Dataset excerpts
-.-.-

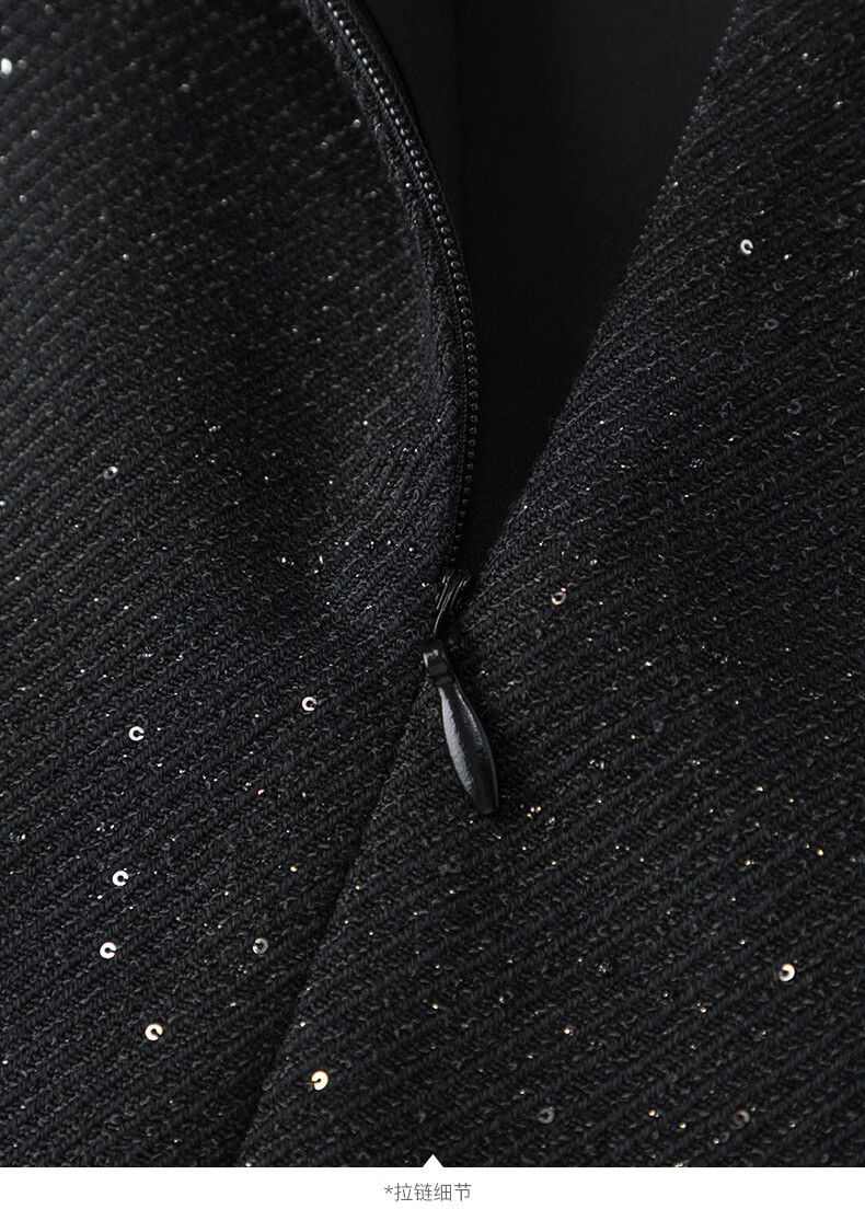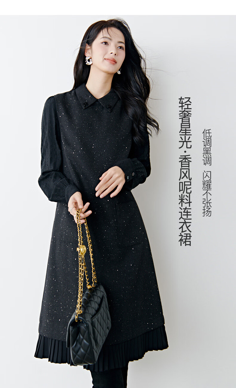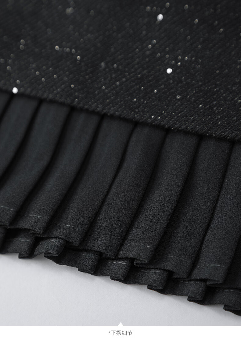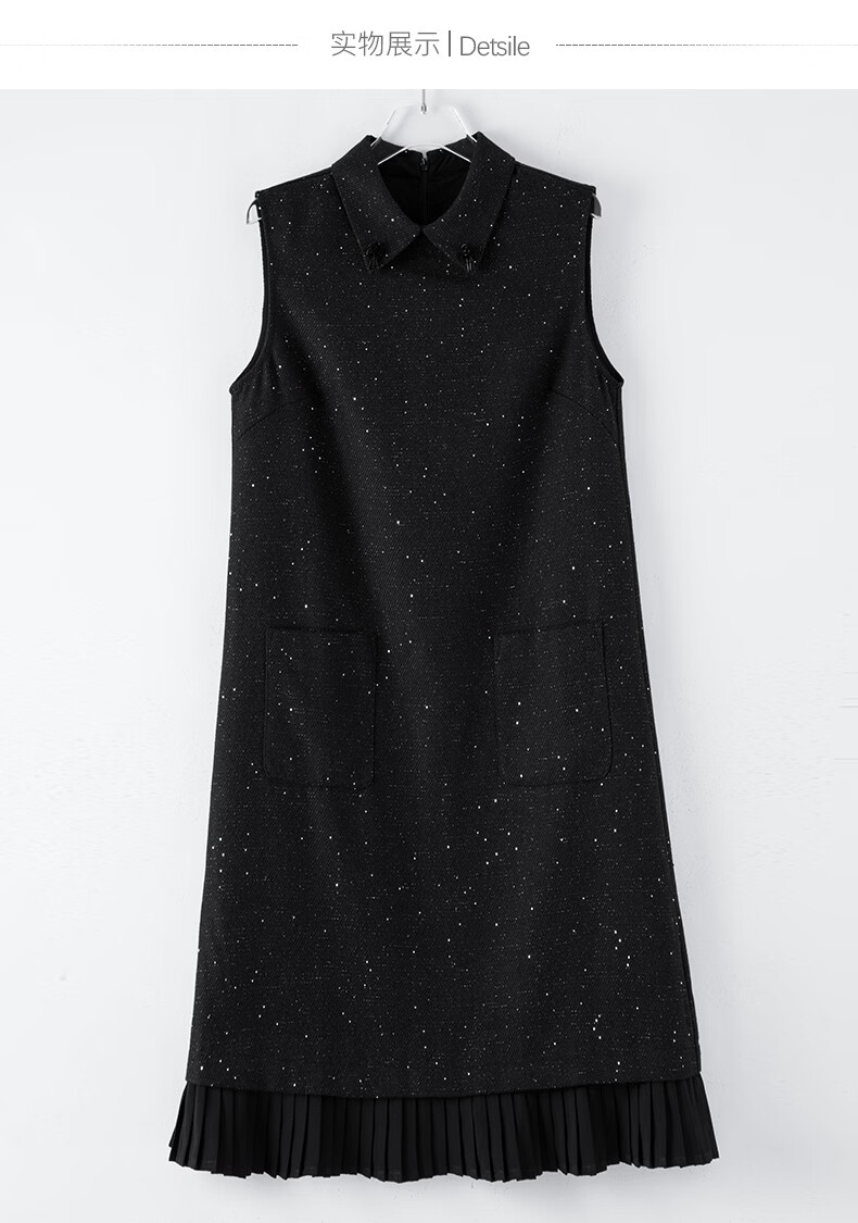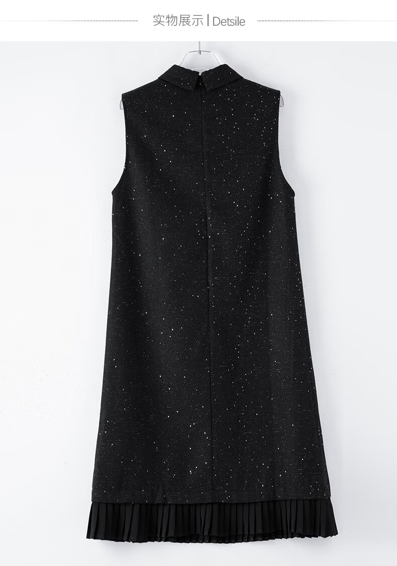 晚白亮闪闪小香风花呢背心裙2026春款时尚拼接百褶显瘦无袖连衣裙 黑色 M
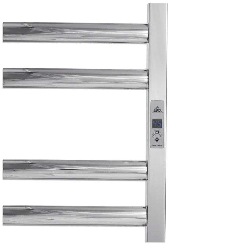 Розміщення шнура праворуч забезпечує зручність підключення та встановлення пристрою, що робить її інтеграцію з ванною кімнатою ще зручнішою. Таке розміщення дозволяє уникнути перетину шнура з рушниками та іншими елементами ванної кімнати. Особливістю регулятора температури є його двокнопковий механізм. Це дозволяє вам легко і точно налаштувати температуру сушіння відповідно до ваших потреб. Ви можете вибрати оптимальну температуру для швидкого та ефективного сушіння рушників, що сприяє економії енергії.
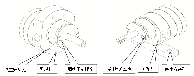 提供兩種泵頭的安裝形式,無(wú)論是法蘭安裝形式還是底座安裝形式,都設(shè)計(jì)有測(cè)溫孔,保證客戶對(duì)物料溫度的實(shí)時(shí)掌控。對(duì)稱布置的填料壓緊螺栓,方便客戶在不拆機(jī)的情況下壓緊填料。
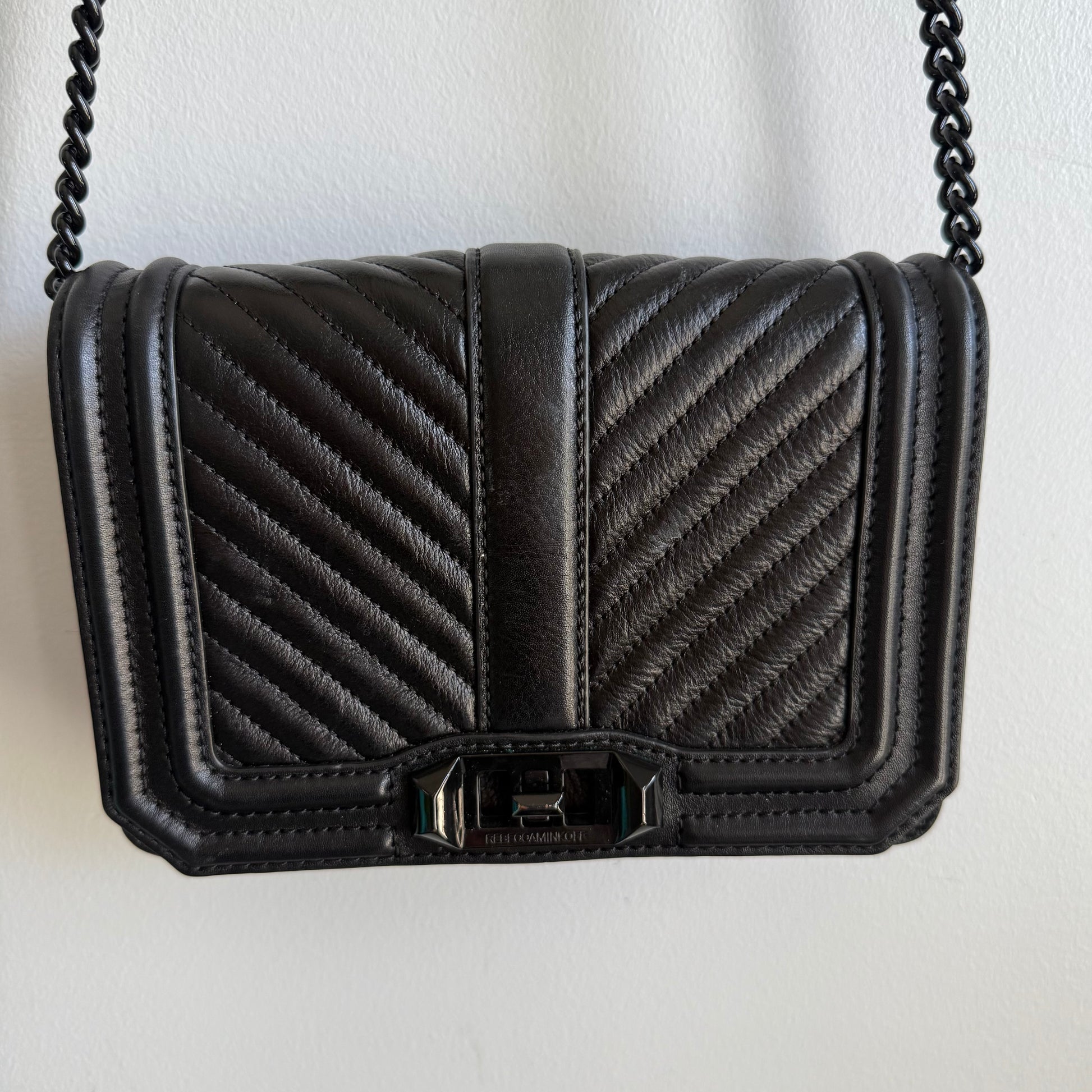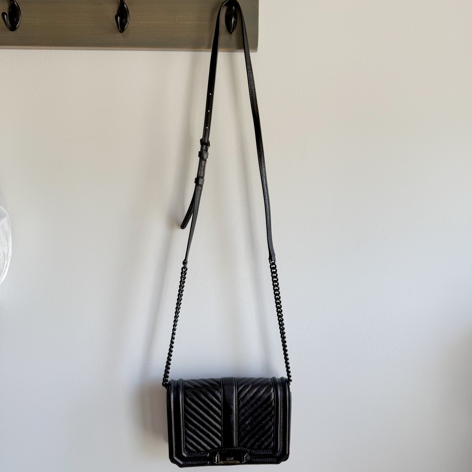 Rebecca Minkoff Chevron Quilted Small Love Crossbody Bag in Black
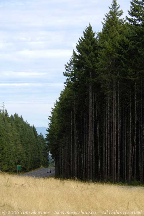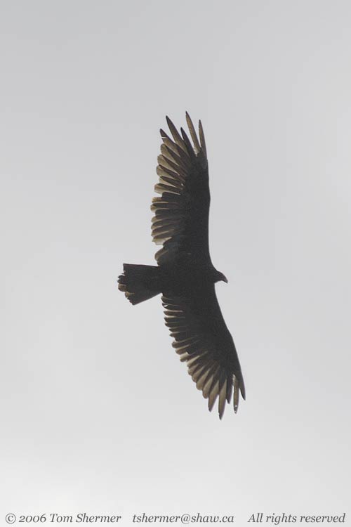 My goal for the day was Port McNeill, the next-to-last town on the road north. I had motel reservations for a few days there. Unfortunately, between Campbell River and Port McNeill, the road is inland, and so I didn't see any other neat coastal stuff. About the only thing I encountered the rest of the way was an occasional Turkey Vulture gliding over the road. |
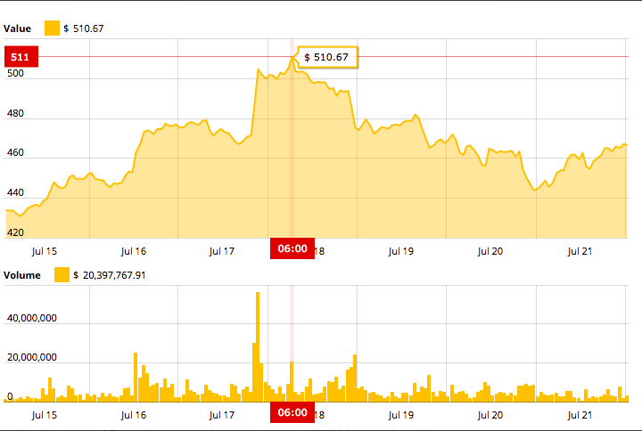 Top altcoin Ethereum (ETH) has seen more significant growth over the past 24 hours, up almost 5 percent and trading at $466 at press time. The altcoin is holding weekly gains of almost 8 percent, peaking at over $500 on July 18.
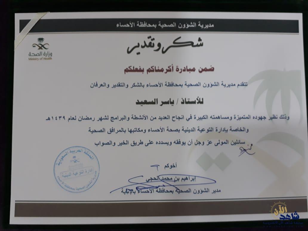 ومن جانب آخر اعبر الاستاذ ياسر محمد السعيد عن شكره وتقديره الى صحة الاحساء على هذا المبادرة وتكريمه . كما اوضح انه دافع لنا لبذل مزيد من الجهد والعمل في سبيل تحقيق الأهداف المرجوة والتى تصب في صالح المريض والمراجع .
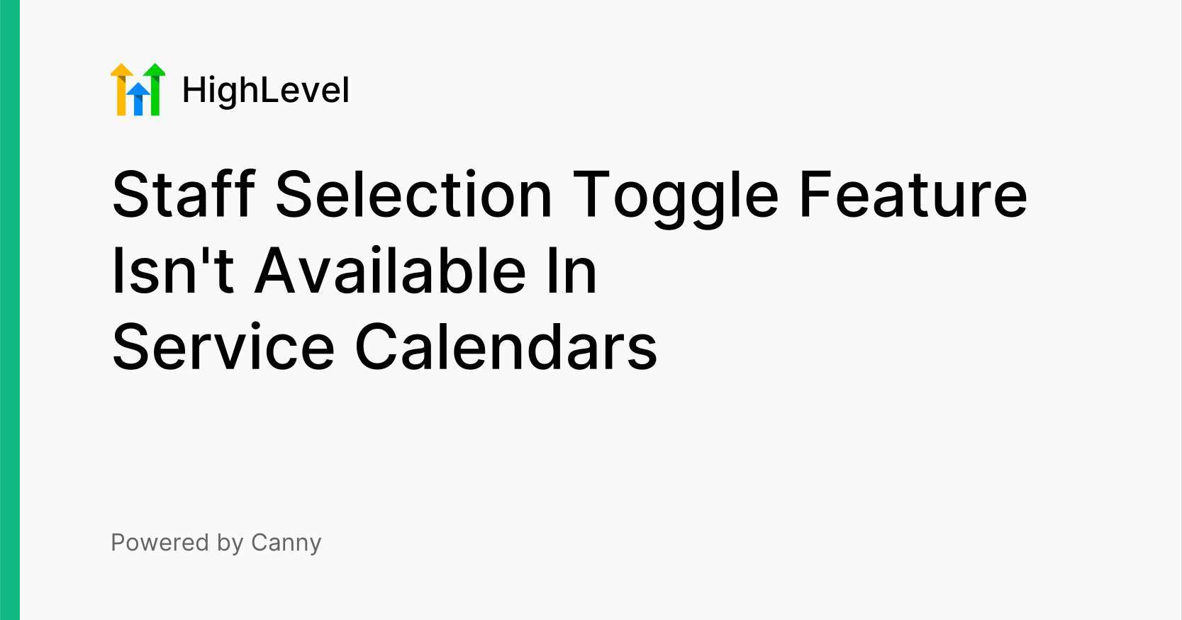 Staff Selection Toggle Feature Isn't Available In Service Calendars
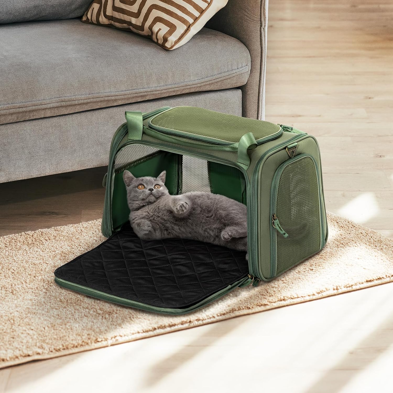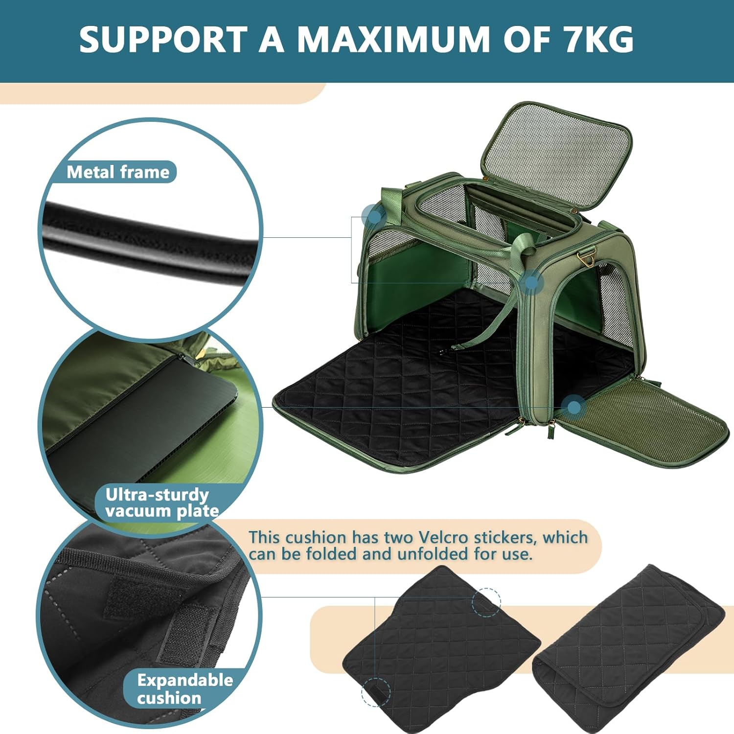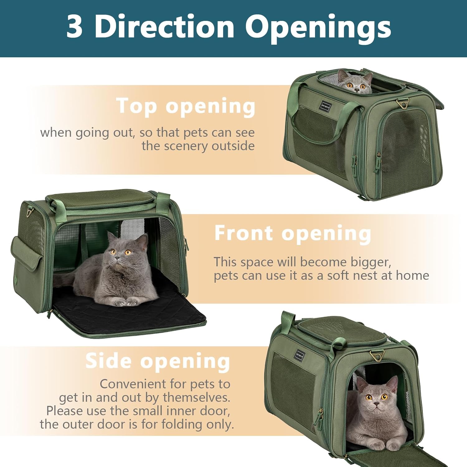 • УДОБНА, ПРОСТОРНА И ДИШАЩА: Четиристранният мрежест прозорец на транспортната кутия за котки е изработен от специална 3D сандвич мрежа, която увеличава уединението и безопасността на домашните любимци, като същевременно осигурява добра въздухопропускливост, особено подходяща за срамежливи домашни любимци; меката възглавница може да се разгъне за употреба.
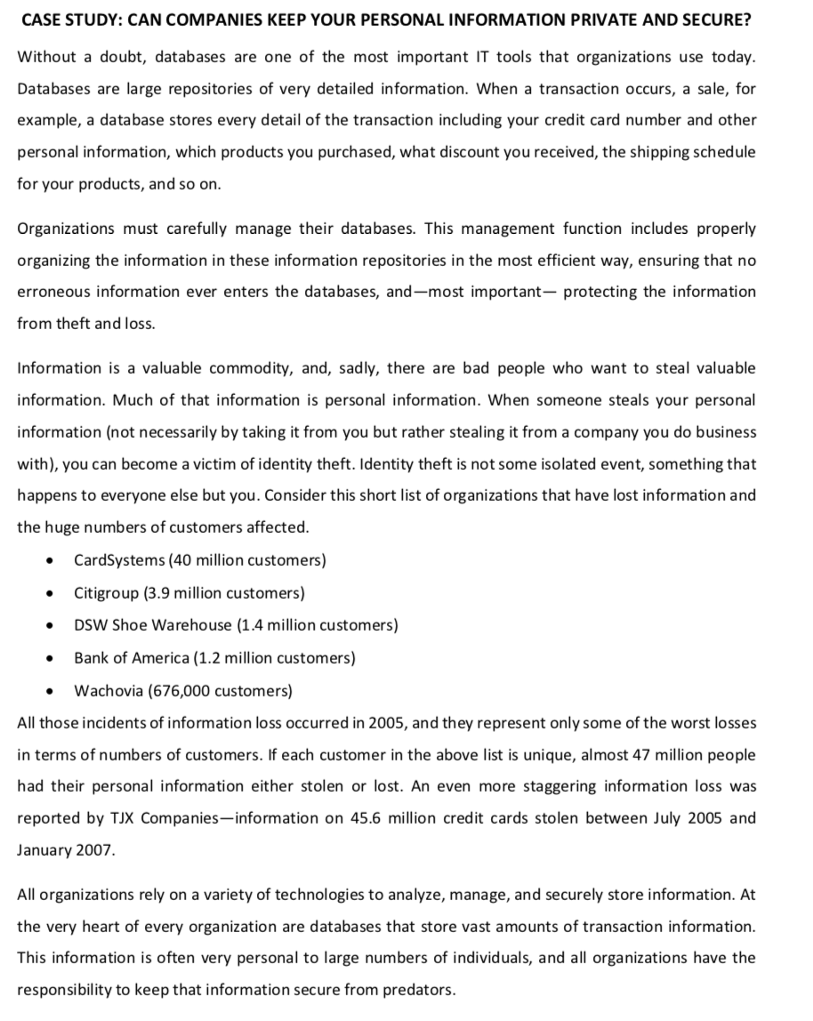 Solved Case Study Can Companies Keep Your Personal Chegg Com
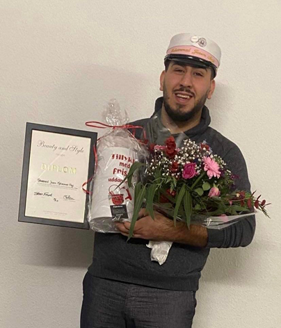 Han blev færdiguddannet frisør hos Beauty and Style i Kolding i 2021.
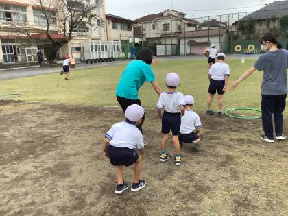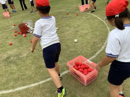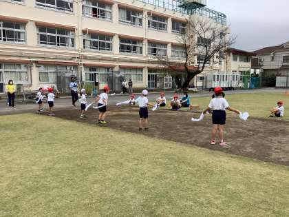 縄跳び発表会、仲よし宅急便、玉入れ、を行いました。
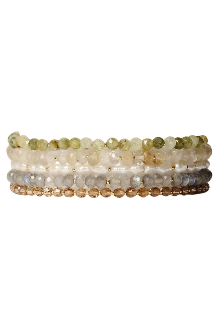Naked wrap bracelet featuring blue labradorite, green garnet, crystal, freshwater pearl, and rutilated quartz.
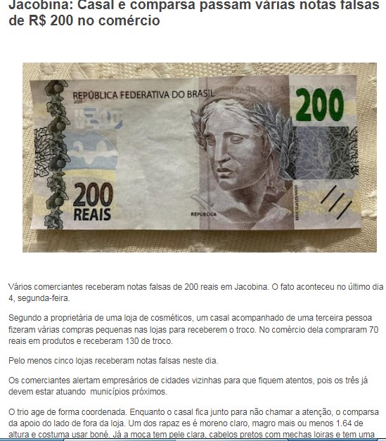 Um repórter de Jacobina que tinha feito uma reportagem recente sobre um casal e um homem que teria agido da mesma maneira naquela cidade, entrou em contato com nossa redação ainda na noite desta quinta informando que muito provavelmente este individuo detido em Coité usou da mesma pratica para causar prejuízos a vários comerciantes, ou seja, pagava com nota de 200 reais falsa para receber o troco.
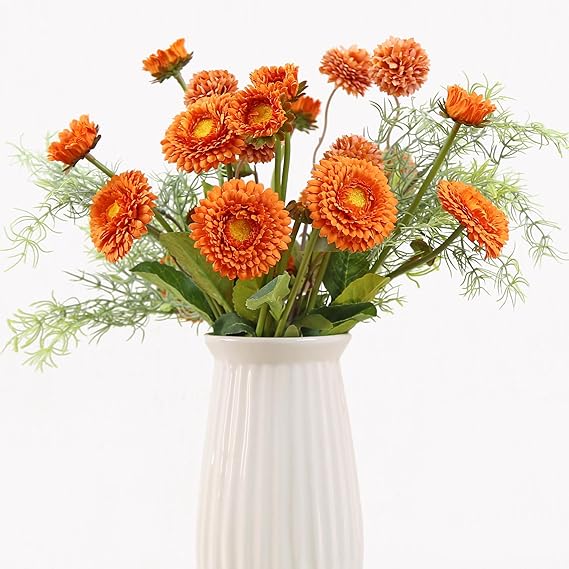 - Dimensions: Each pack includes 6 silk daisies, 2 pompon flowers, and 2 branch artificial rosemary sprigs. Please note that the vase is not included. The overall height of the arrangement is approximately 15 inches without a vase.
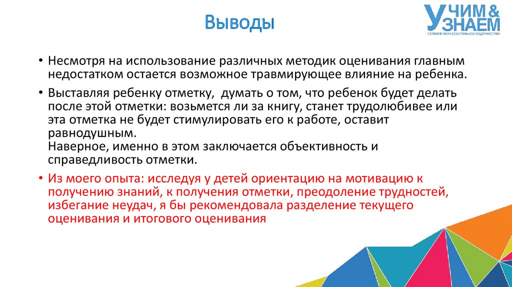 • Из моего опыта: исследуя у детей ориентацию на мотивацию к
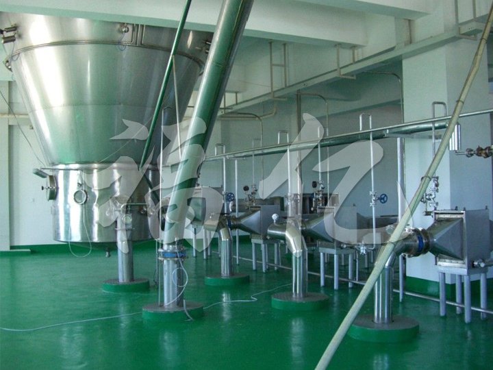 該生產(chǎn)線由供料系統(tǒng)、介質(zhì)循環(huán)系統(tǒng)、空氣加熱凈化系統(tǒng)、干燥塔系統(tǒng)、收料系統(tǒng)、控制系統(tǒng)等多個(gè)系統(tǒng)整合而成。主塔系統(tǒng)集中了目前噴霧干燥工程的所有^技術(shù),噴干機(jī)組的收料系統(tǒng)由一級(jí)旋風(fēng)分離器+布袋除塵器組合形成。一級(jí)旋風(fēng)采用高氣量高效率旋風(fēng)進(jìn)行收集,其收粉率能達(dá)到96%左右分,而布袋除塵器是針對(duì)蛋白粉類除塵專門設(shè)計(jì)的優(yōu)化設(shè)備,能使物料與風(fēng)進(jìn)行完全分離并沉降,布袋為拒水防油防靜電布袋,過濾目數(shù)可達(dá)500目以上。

-.-.-

= Work instructions =
Write out again exactly the lines above from the one with "Rebecca Minkoff Chevron" through the one with "Staff Selection Toggle", adding no other lines and no pictures.

= Output of the task =
 Rebecca Minkoff Chevron Quilted Small Love Crossbody Bag in Black
 My goal for the day was Port McNeill, the next-to-last town on the road north. I had motel reservations for a few days there. Unfortunately, between Campbell River and Port McNeill, the road is inland, and so I didn't see any other neat coastal stuff. About the only thing I encountered the rest of the way was an occasional Turkey Vulture gliding over the road. |
 Top altcoin Ethereum (ETH) has seen more significant growth over the past 24 hours, up almost 5 percent and trading at $466 at press time. The altcoin is holding weekly gains of almost 8 percent, peaking at over $500 on July 18.
 ومن جانب آخر اعبر الاستاذ ياسر محمد السعيد عن شكره وتقديره الى صحة الاحساء على هذا المبادرة وتكريمه . كما اوضح انه دافع لنا لبذل مزيد من الجهد والعمل في سبيل تحقيق الأهداف المرجوة والتى تصب في صالح المريض والمراجع .
 Staff Selection Toggle Feature Isn't Available In Service Calendars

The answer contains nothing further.